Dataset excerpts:
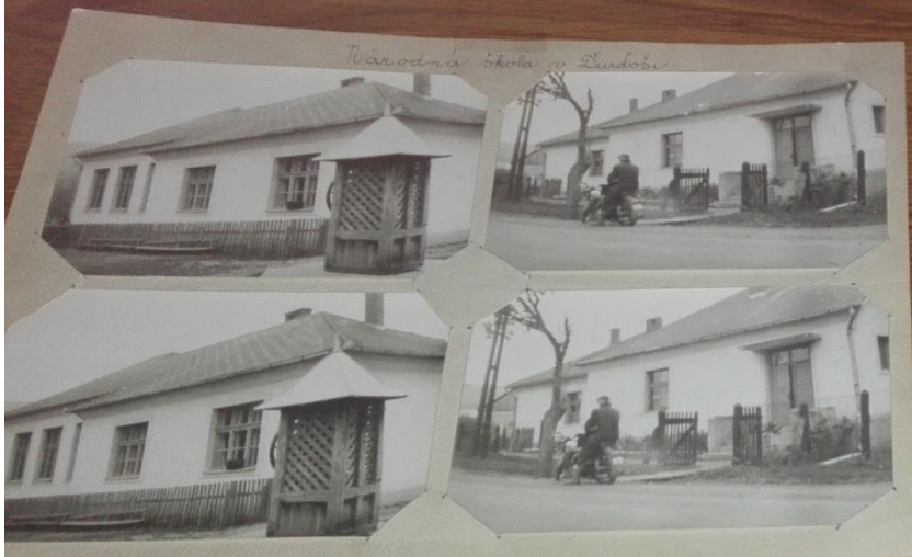
Národná škola v Ďurďoši stavba z r. 1934 na školské účely sa využívala od r. 1934

Osemročná stredná škola - Bystrom n.T. str. Ľ. Ľ. Ľ.
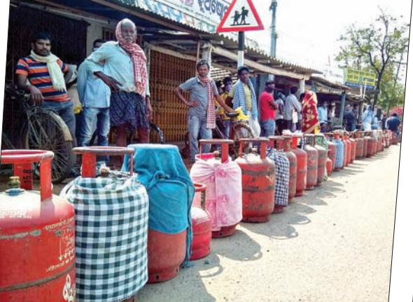
ପାଲଲହଡ଼ା ନୂଆ ବସ୍ଷ୍ଟାଣୁଗୁଡ଼ିକ ଗଣ୍ୟ ଏକେଡୁରେ ଉପଯୋଗୀମାନେ ସାମାଜିକ ଦୂରତା ରକ୍ଷା କରି ଧାଡ଼ିରେ ଠିଆ ହୋଇଛନ୍ତି।
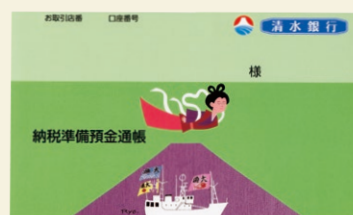
納税準備預金通帳
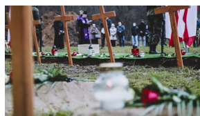
Trzecia ceremonia pogrzebowa ofiar niemieckich zbrodni - Pomiechówek, 17 grudnia 2020
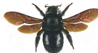
Xylocope ou abeille charpentière, Xylocopa violacea

L' abeille charpentière mesure entre 2 et 3 cm. C'est l'une des plus grandes abeilles européennes. Elle est entièrement noire avec des reflets bleu violacés. Elle construit son nid dans le bois mort et nourrit ses larves de pollen.
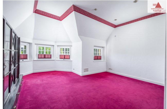
Zimmer 2. OG
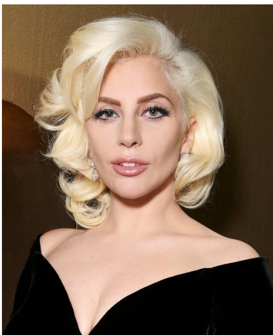
Imagem 1: Lady Gaga na cerimônia de premiação do Golden Globe 2016.
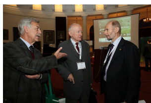
II forum Mazowieckie
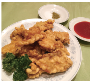
お酒にもご飯にも合う「豚肉の天ぷら」1,100円
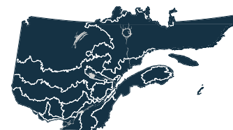
Territoires où les résultats s'appliquent.
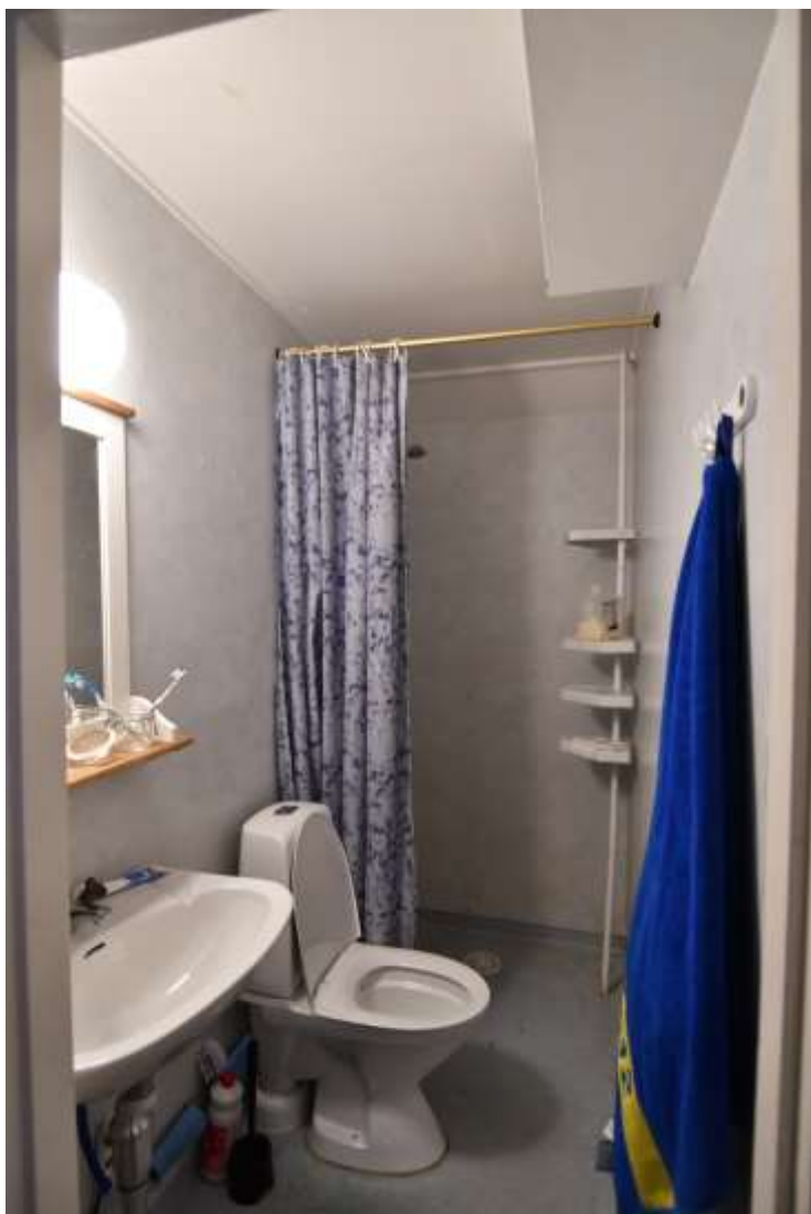
Våtrummen är mer sentida med väggar och golv med plastmatta.

→ **WHAT IS REQUIRED**: In the records above, find the line containing "Imagem 1: Lady". Reproduce it and every line after it through the last line, omitting pictures.

→ **COMPLETED TASK**:
Imagem 1: Lady Gaga na cerimônia de premiação do Golden Globe 2016.
II forum Mazowieckie
お酒にもご飯にも合う「豚肉の天ぷら」1,100円
Territoires où les résultats s'appliquent.
Våtrummen är mer sentida med väggar och golv med plastmatta.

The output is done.